Топот шахматных лошадок (сборник) - Крапивин Владислав Петрович - Страница 31
- Предыдущая
- 31/138
- Следующая
— Ваня, я правда сделал, что было можно… А где не умел, мне Егор помог. Маленько…
Горечь жгла, и я выговорил сквозь нее:
— Егор вот живет здесь и не уходит. Не бросает Стаса… Вовка отозвался без обиды:
— Егор ушел вчера. «Вот оно что!»
— Мы поэтому с ним вчера и подымили там… когда прощались, — шепотом выговорил Вовка. — Я не хотел, а он говорит: «Ну, давай разок. Хочу вспомнить, как раньше. А одному неохота…»
Я молчал. Печаль близкого прощания была уже сильнее, главнее всего. Раздвигая ее, как тюки мокрой ваты, я спросил:
— А там вы разве не увидитесь?
— Не знаю… — выдохнул Вовка. — У него там свои поля…
Я молчал. Я больше не знал, что сказать. Хотел спросить: «А когда ты уйдешь?» — но не решался. Вовка понял.
Он сказал виновато:
— Все равно ведь надо… Лишние проводы — лишние слезы… Да и нельзя здесь долго. Могут ведь встретиться знакомые. Узнают, шум случится, разговоры…

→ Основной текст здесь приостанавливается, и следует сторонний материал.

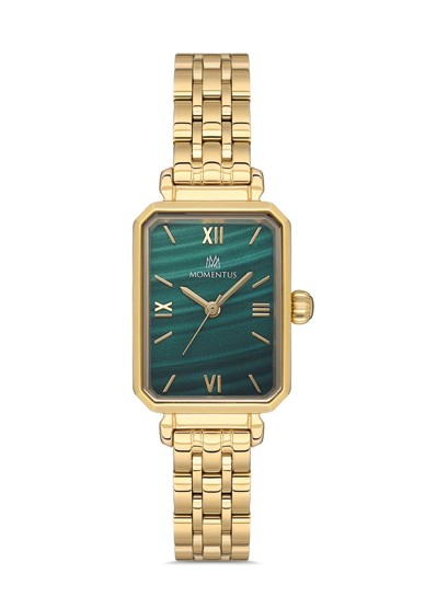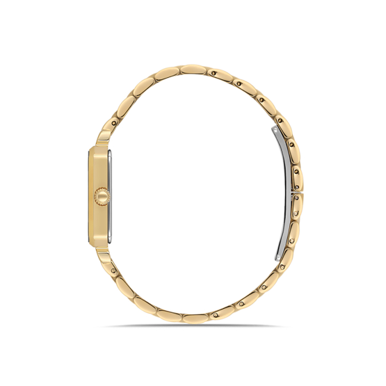 Momentus CS223G-15SG Dikdörtgen Kadranlı Çelik Kordon Çelik Kasa 3 ATM Suya Dayanıklı Altın Renk Kadın Kol Saati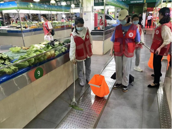 在这炎炎烈日,志愿者们一个个热情高涨,充分展现了不怕脏、不怕苦、不怕累的精神。志愿者们组织有序,分工明确,相互配合,一部分志愿者手持垃圾袋、扫把等工具在梅林大街沿街整理各类车辆、清理各类垃圾,另一部分进菜市场劝导市民们文明采购。通过志愿者们的辛勤劳动街道环境得到了有效的改善。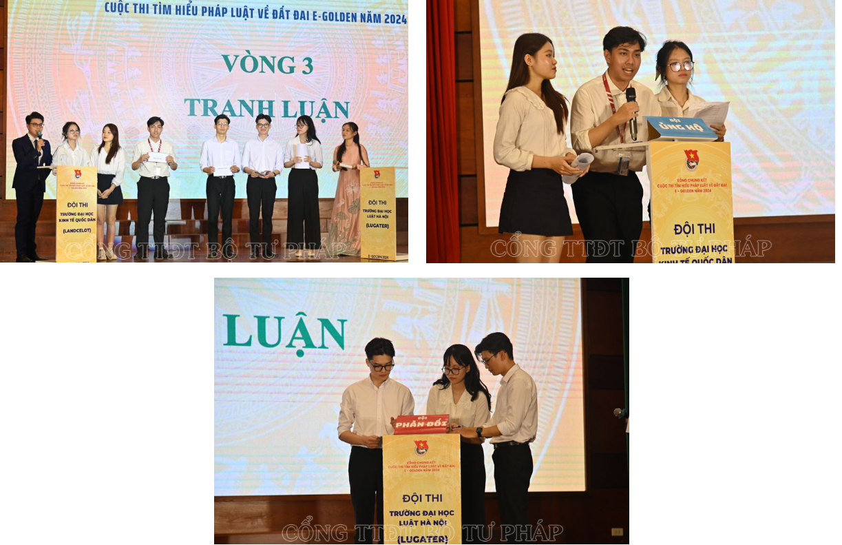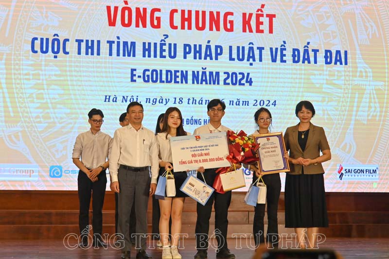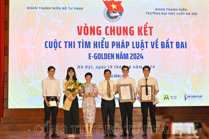 Sau nhiều giờ thi đấu, Đội thi “LUGATER” đến từ Trường Đại học Luật Hà Nội đã giành giải Nhất Cuộc thi tìm hiểu pháp luật Đất đai E-GOLDEN năm 2024; Đội thi “LANDCELOT” đến từ Trường Đại học Kinh tế Quốc dân giành giải Nhì và hai đội thi: “G DOUBLE H” đến từ Trường Đại học Luật - Đại học Quốc gia Hà Nội, “HÀNH TRANG NGHỀ LUẬT” đến từ Trường Đại học Thuỷ lợi giành giải Ba.

«Ну и пусть», — хотел сказать я, но не сказал, потому что все было бесполезно. Там свои законы… И я задал глупый вопрос:
— Вовка… а позвонить оттуда нельзя? Вот так… — И я с дурацкой улыбкой поднес к уху сложенные лодочкой пальцы.
Вовка серьезно помотал головой.
— А если… — Это я уже всерьез. — Если я дам тебе мобильник?
Он мотнул головой снова:
— Нет, Вань, туда ничего нельзя унести с собой… Я тебе и трубку свою оставил на память. Ту, половину бинокля. Вон там, на подоконнике…
«Это будет единственная память…» И вдруг меня осенило:
— Вовка! Мы ведь даже не сфотографировались ни разу! Ау меня аппарат в мобильнике… Давай сейчас, а?
«Я сделаю большой портрет, и будет казаться, что ты все еще здесь…»
— Ничего не выйдет, Ваня, — шепотом отозвался Вовка. — Такие, как я, не отражаются на фотопленке… — Он откинулся к заскрипевшей спинке, заложил руки за голову, стал смотреть в потолок. Чтобы не заплакать? «Господи, а ведь ему-то сейчас не легче, чем мне!» И я схватился за последнюю ниточку:
— Там не пленка, это цифровой аппарат! Новейшая технология! Должно получиться! Давай попробуем! Подожди, телефон в кармане, в джинсах…
Я кинулся в ванную, где чистил вчера перемазанные глиной джинсы, они остались там на крючке… Где, на каком крючке? Лидия перевесила, кто ее просил! Где телефон? Не в этом кармане, в другом… Застрял, скотина…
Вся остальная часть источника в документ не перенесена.